PROVIDED INFORMATION →
╭──

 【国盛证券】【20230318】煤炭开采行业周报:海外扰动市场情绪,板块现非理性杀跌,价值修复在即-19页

╰──
╭──

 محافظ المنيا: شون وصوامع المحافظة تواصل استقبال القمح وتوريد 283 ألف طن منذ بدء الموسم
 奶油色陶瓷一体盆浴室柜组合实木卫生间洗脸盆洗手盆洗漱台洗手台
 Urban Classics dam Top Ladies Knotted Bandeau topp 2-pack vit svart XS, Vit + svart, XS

╰──

EXERCISE DETAILS → Taking the material above, extract exactly and only the lines from the line with "奶油色陶瓷一体盆浴室柜组合实木卫生间洗脸盆洗手盆洗漱台洗手台" to the line with "Urban Classics dam", inclusive of both.

TASK SOLUTION →
 奶油色陶瓷一体盆浴室柜组合实木卫生间洗脸盆洗手盆洗漱台洗手台
 Urban Classics dam Top Ladies Knotted Bandeau topp 2-pack vit svart XS, Vit + svart, XS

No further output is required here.